High doses of antidepressants tied to deliberate self-harm in people under 25

April 29, 2014
painkillersUSA Today (4/29, Painter) reports that for years, “the Food and Drug Administration has…required antidepressants to carry warnings that they may increase the risk of suicidal thinking and behavior in children and adults under age 25.” Now, a study published online April 28 in JAMA Internal Medicine “finds the risk for deliberate self harm doubles when depressed young people start treatment with higher-than-usual doses.” Researchers arrived at this conclusion after examining “health records of 162,625 privately insured people ages 10 to 64 treated for depression with three popular antidepressants…Celexa [citalopram], Prozac [fluoxetine] and Zoloft [sertraline].”

The NPR (4/29, Shute) “Shots” blog reports that the self-harm effect was not seen in “people 25 and older.”

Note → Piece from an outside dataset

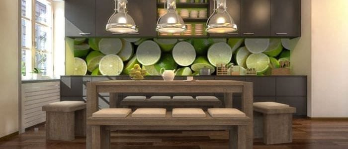 Модным стало оформлять при помощи фотообоев кухонный фартук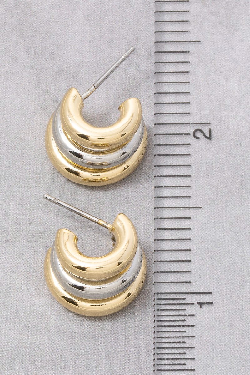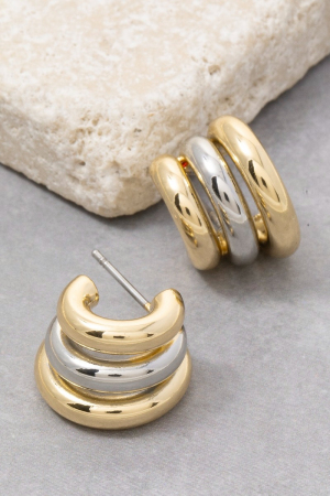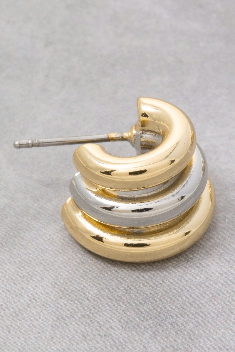 • This pair of hoop earrings showcases a timeless gold dipped two tone layered style. Unveil modern elegance with this subtly intricate pair of hoop earrings.

MedPage Today (4/29, Gever) reports on some shortcomings in the study, such as not including “physicians’ notes on why they prescribed high (or low) doses, depression severity at [selective serotonin re-uptake inhibitors initiation, and] suicidality at SSRI initiation.” An accompanying commentary (4/29) observed that “the physicians who prescribed high SSRI doses may have had reasons – such as a belief that a high dose could help ward off incipient self-harm – that weren’t captured in the indirect measures available from the claims data.” Also covering the study are Forbes (4/29, Kroll), HealthDay (4/29, Goodman) and Medscape (4/29, Harrison).